In her dissent, Bradley wrote that the majority opinion sidestepped the actual issues in the matter and reframed the argument, focusing on whether there is a constitutional right to bargain collectively instead of whether Act 10 infringes on the freedom of association rights of public employees to organize.
She wrote that the unions' argument is "based on the well-established premise that there is a constitutional right to organize as a collective bargaining unit," which the U.S. Supreme Court has found to be a fundamental right.
Instead, Bradley wrote, the majority "pivots to a different issue advanced by the state and then analyzes that issue." By doing so, she wrote, "the majority avoids the actual argument advanced before this court."

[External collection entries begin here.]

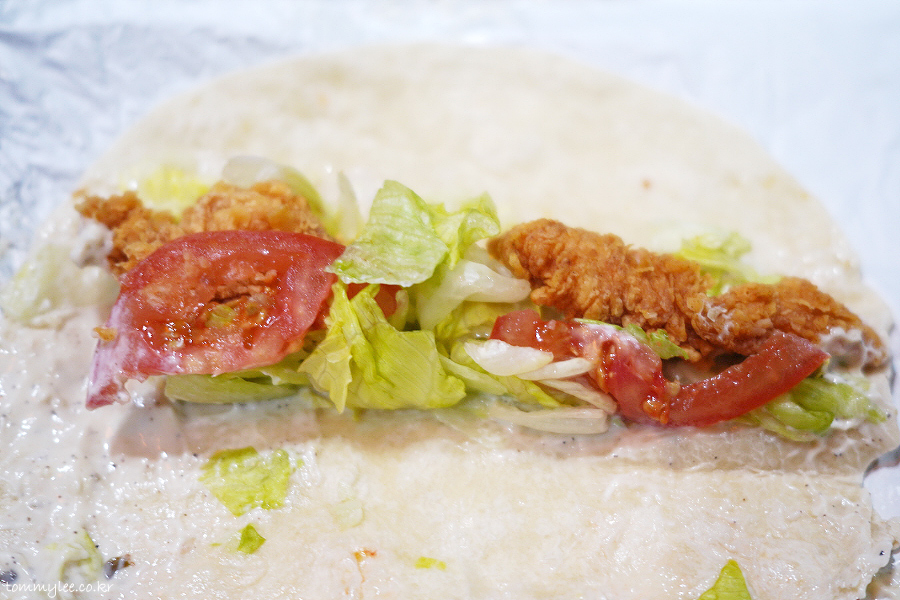 트위스터 내용물 확인을 위해 오픈해보면 이런 느낌입니다.. 밀또띠아 안에 치킨텐더 2조각, 양상추, 토마토에 마요네즈..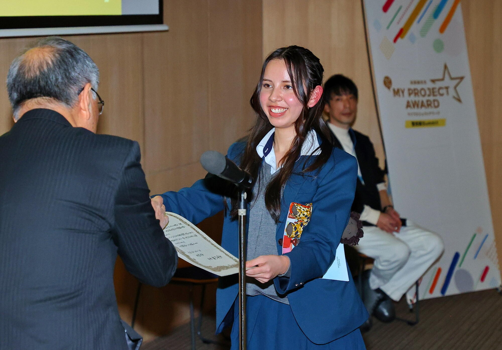 全プロジェクトの発表後、選考で選ばれた12組が3教室に分かれてあらためて代表発表が行われ、名城大学賞と中日新聞社賞、マザーハウス賞が選出されました。本学の野口光宣学長が審査員を務めた名城大学賞には、アフリカの最貧国モザンビークの子どもたちを性被害から守るため、クラウドファンディングで集まった資金で絵本を制作して現地で読み聞かせを行うなどの性教育に取り組んだ豊丘高校(豊橋市)2年の川本あいらさんが選ばれ、野口学長から賞状が手渡されました。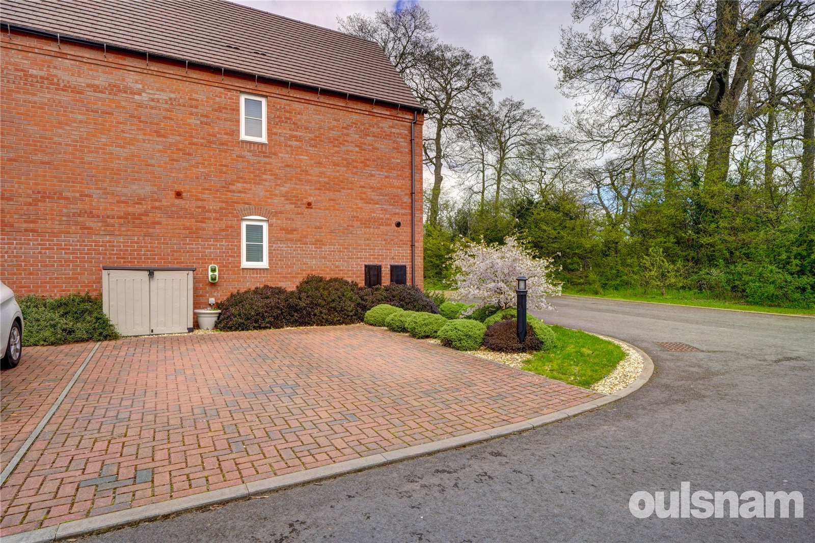 * Lawn border to the front and pathway to the front entrance. To the side is the block paved parking area where there are two side by side allocated parking spaces and further visitor parking allocated spaces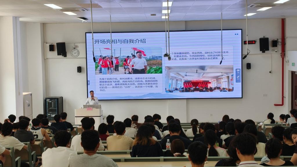 宣讲中,凌展鸿结合自身经历,分享了从校园到乡村、从创业到治村的成长心路。他回顾了在校期间参与社会实践的收获,讲述了创业初期的艰辛与坚持,以及担任村支书后服务百姓、建设家乡的点滴感悟。他勉励学弟学妹珍惜在校时光,夯实专业基础,勇于到基层一线磨砺成长,将个人理想融入时代发展。

Act 10 "discourages organizing as a collective bargaining unit by increasing its cost," Bradley wrote, because it requires annual recertification elections and eliminates the requirement that all members share the cost of providing the union's services.
"By making membership unduly expensive," Bradley wrote, "these Act 10 provisions collectively infringe on the associational right to organize. There is no doubt that these provisions act to discourage membership."
But Gableman, writing for the majority, said it is "undisputed that collective bargaining is not constitutionally protected. Indeed, Wisconsin is under no constitutional obligation to collectively bargain at all."
The dissent's accusation that the majority dodged the question "is misplaced," Gableman wrote. "Act 10 certainly presents meaningful difficulties for certified representatives, but these difficulties have no bearing on our analysis of the act's constitutionality."
Still, wrote Gableman, "Represented municipal employees, non-represented municipal employees and certified representatives lose no right or ability to associate to engage in constitutionally protected speech."
"Act 10 merely provides general employees with a statutory mechanism to force their employer to collectively bargain; outside of this narrow context, to which plaintiffs freely concede public employees have no constitutional right, every avenue for petitioning the government remains available."
Reporters Steven Verburg and Molly Beck contributed to this report.